__Try it__.
For each line below that contains the word "vibrant", return that line.

(Entries taken from a collection)

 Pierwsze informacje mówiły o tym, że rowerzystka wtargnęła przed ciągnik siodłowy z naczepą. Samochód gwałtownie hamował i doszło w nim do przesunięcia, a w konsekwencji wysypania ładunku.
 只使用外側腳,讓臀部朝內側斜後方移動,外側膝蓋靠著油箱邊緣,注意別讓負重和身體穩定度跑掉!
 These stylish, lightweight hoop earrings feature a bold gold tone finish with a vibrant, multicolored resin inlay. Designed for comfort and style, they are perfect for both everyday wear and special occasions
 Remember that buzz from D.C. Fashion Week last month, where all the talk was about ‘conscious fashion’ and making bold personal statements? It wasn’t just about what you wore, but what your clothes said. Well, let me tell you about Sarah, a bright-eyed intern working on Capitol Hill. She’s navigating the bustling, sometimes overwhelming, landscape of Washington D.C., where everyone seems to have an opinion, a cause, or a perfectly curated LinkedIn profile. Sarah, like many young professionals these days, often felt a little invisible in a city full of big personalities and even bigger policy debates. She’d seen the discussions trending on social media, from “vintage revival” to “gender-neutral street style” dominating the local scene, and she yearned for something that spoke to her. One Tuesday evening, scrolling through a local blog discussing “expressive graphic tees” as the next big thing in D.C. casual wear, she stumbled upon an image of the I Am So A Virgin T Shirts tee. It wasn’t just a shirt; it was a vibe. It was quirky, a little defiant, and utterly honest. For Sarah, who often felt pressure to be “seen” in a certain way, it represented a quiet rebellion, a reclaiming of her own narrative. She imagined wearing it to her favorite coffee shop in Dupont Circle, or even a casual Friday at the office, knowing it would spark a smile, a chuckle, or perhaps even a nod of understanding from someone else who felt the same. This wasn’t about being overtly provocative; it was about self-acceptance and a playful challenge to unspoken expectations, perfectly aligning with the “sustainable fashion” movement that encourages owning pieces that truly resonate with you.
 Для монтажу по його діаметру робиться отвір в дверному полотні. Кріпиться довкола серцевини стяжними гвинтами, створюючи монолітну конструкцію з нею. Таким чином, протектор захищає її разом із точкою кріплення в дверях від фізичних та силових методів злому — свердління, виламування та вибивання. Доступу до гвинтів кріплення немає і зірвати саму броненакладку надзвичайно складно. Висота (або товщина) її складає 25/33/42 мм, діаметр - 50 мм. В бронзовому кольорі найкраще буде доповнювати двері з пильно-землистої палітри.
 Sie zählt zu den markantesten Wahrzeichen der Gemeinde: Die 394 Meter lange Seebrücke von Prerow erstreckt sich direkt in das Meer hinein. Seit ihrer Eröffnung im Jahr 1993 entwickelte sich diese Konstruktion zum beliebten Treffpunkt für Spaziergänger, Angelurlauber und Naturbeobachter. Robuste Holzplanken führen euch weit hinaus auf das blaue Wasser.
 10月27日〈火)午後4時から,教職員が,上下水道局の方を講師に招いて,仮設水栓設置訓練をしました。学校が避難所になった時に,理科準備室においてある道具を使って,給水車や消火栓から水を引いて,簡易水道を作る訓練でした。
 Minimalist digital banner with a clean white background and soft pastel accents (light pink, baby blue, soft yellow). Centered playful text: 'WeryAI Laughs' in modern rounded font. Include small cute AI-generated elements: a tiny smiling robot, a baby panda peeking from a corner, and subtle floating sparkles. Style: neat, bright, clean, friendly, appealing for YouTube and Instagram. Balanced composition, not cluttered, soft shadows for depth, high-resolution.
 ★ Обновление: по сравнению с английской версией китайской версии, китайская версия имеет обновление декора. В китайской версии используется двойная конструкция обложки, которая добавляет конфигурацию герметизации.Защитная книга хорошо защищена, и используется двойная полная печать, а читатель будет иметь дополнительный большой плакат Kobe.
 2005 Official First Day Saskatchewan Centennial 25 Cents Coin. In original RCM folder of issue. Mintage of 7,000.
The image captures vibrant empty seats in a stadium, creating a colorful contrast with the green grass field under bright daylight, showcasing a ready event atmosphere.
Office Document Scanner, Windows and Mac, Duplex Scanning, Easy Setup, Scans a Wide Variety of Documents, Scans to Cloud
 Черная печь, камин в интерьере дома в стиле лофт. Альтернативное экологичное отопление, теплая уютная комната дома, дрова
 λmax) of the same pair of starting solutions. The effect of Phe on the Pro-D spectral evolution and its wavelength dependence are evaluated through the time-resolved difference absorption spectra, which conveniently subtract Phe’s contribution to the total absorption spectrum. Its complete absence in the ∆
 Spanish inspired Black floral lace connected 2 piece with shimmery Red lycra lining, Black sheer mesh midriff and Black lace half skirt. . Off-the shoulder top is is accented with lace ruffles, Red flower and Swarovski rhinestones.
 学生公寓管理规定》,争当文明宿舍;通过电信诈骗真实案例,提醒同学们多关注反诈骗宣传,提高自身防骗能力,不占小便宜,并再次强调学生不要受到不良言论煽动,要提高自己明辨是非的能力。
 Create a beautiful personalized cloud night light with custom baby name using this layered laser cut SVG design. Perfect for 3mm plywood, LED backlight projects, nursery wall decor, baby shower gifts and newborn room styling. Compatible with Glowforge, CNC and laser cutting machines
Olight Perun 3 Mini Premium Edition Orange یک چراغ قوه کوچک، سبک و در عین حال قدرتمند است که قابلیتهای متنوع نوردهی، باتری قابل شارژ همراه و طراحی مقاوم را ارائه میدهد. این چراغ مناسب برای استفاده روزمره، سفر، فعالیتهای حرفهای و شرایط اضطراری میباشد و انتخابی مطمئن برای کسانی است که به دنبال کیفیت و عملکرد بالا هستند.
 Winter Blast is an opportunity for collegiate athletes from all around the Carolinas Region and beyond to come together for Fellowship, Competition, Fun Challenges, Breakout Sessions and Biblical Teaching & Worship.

__The answer__.
 These stylish, lightweight hoop earrings feature a bold gold tone finish with a vibrant, multicolored resin inlay. Designed for comfort and style, they are perfect for both everyday wear and special occasions
The image captures vibrant empty seats in a stadium, creating a colorful contrast with the green grass field under bright daylight, showcasing a ready event atmosphere.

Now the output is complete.